[[ THE DATA open ]]
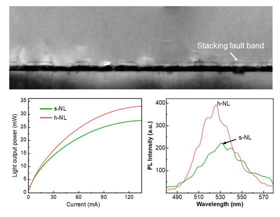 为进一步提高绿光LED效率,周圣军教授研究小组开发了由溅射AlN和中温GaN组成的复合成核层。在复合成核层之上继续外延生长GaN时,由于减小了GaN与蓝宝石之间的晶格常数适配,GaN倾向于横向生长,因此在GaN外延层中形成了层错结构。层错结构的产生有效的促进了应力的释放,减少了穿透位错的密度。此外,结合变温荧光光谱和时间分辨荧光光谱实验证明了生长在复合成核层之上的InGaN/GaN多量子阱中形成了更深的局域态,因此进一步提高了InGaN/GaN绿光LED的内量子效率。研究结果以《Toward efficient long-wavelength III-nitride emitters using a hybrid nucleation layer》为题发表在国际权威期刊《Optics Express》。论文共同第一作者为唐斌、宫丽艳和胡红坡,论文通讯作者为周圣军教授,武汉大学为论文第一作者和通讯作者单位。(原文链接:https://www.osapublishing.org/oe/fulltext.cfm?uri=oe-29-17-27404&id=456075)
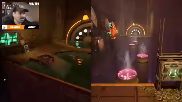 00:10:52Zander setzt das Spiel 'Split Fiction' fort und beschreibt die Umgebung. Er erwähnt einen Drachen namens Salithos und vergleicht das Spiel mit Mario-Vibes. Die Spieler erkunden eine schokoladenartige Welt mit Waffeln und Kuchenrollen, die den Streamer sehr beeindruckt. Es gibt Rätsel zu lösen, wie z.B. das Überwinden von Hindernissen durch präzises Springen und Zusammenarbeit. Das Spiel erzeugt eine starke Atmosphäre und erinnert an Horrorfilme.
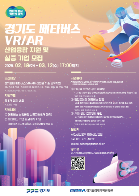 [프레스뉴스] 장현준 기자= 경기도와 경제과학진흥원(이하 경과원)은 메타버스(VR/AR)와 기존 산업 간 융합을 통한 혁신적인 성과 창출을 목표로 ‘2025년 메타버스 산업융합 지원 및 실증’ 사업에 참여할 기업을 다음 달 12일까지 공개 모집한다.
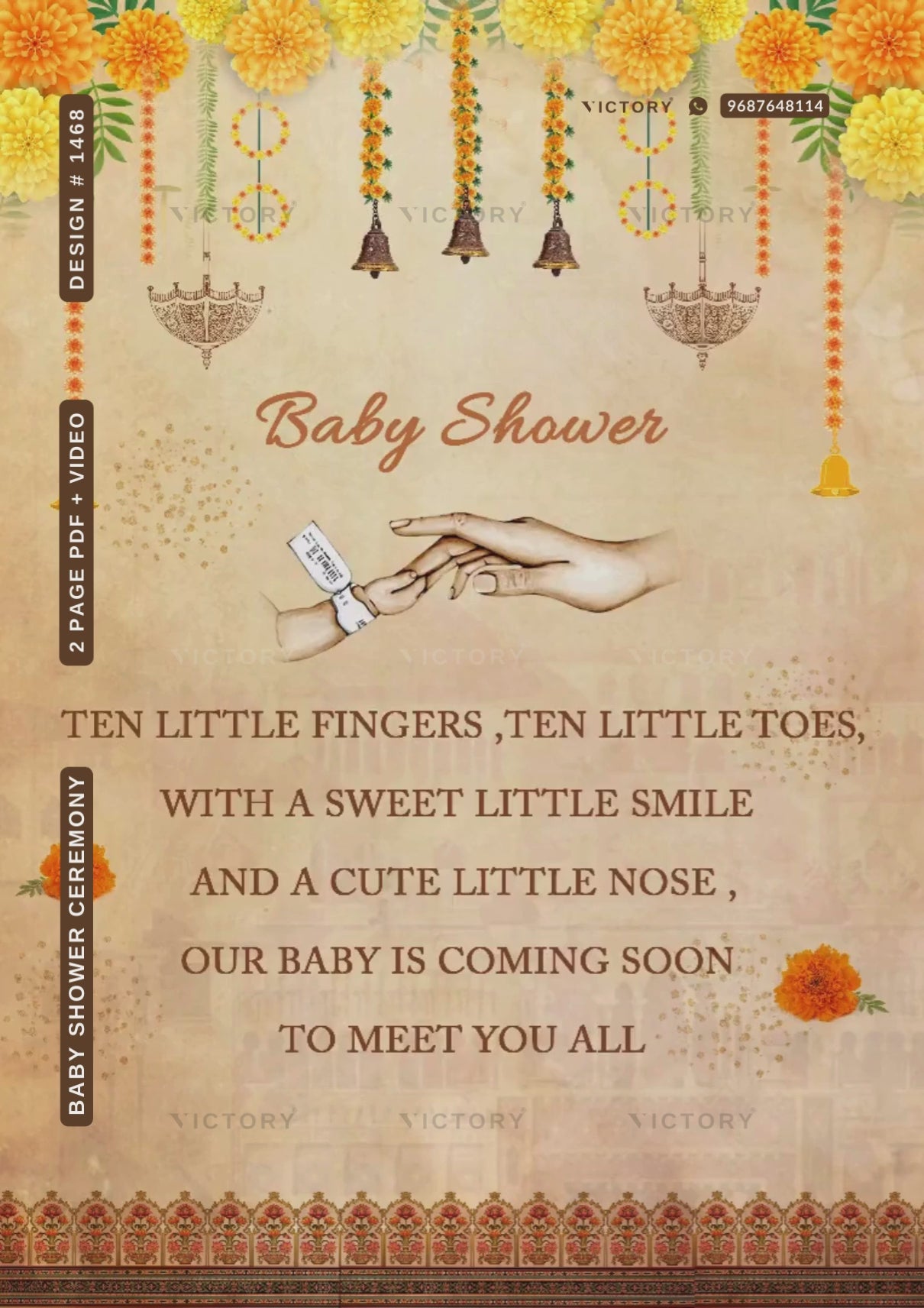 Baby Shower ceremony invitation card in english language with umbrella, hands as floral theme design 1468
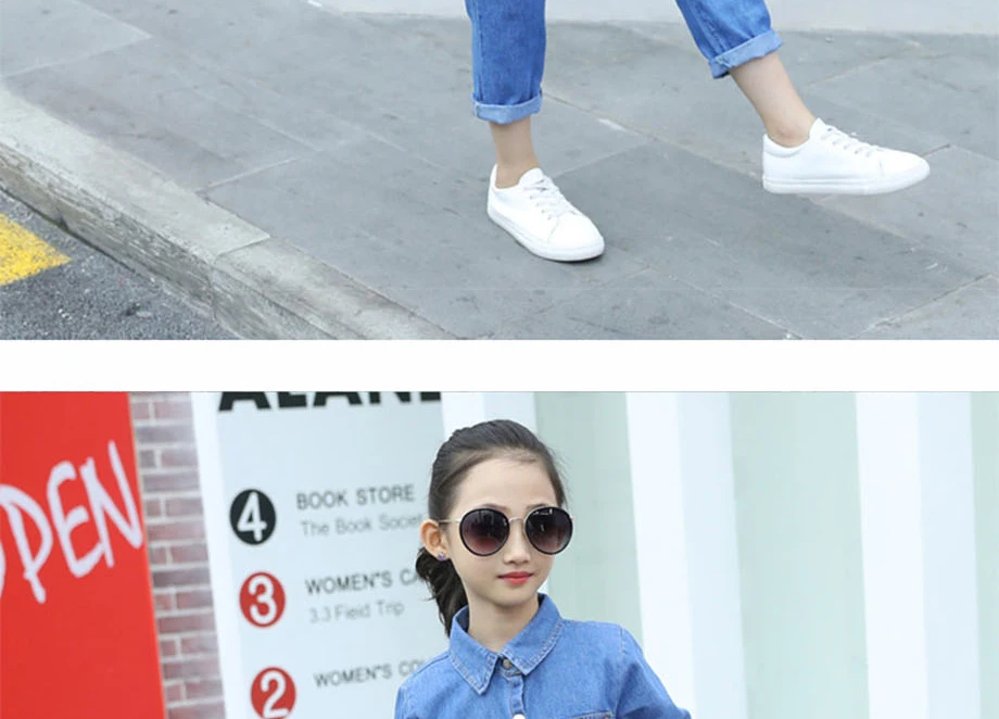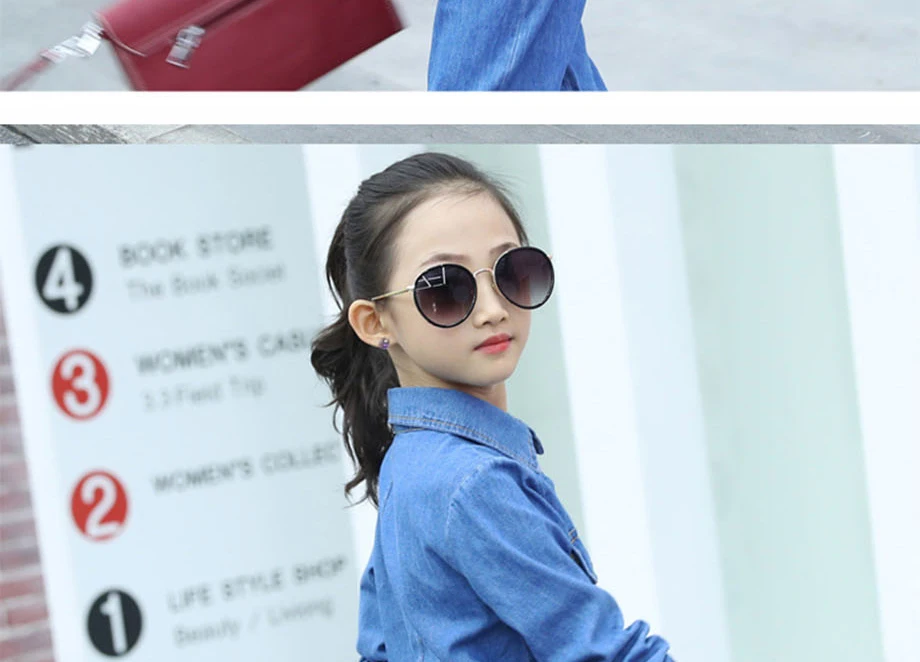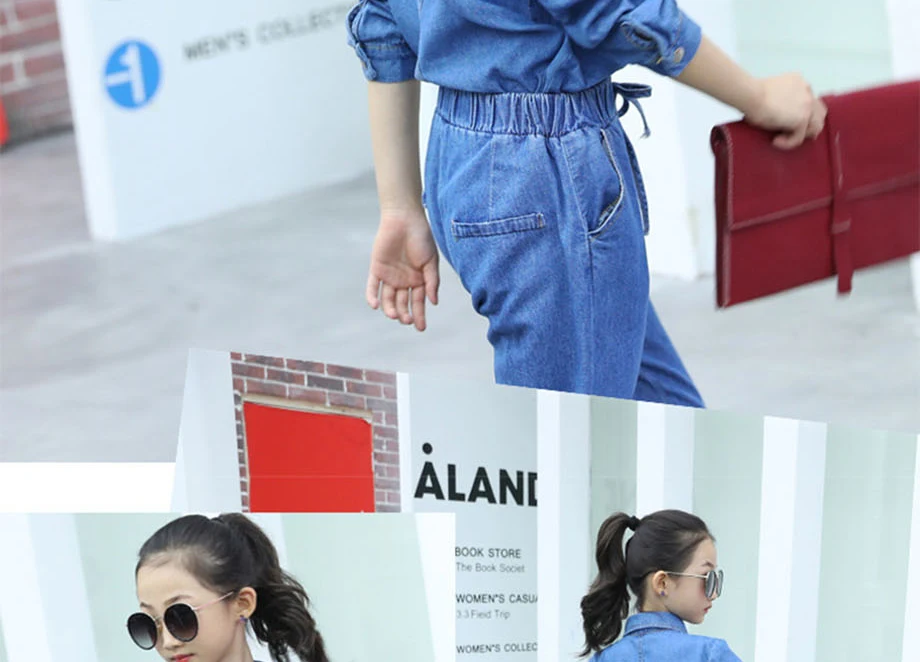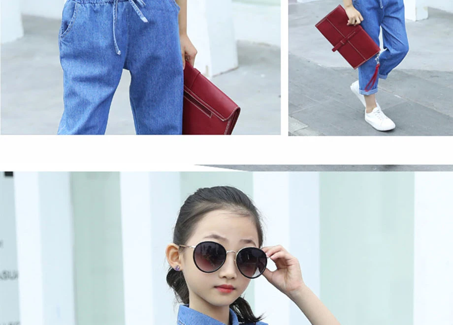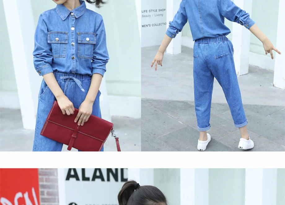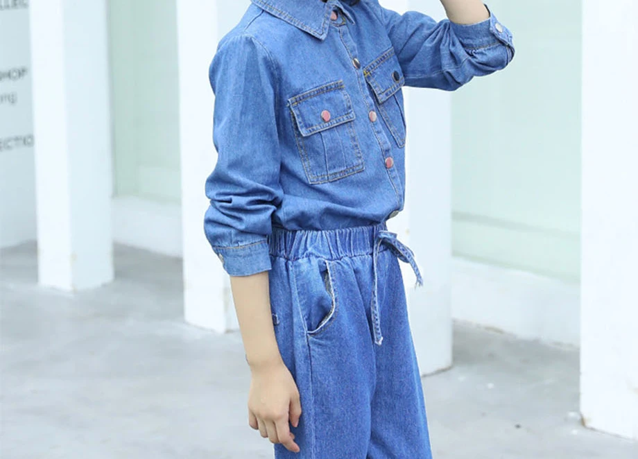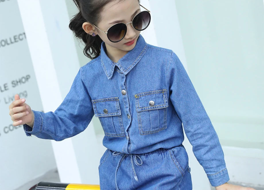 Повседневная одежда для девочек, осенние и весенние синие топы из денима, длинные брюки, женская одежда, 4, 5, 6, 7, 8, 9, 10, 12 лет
[[ THE DATA closed ]]
ACTIVITY → Retype the lines from the one containing "00:10:52Zander setzt das" down to the last line of the records, both included, exactly and nothing more. Pictures stay out.

WORKED SOLUTION →
 00:10:52Zander setzt das Spiel 'Split Fiction' fort und beschreibt die Umgebung. Er erwähnt einen Drachen namens Salithos und vergleicht das Spiel mit Mario-Vibes. Die Spieler erkunden eine schokoladenartige Welt mit Waffeln und Kuchenrollen, die den Streamer sehr beeindruckt. Es gibt Rätsel zu lösen, wie z.B. das Überwinden von Hindernissen durch präzises Springen und Zusammenarbeit. Das Spiel erzeugt eine starke Atmosphäre und erinnert an Horrorfilme.
 [프레스뉴스] 장현준 기자= 경기도와 경제과학진흥원(이하 경과원)은 메타버스(VR/AR)와 기존 산업 간 융합을 통한 혁신적인 성과 창출을 목표로 ‘2025년 메타버스 산업융합 지원 및 실증’ 사업에 참여할 기업을 다음 달 12일까지 공개 모집한다.
 Baby Shower ceremony invitation card in english language with umbrella, hands as floral theme design 1468
 Повседневная одежда для девочек, осенние и весенние синие топы из денима, длинные брюки, женская одежда, 4, 5, 6, 7, 8, 9, 10, 12 лет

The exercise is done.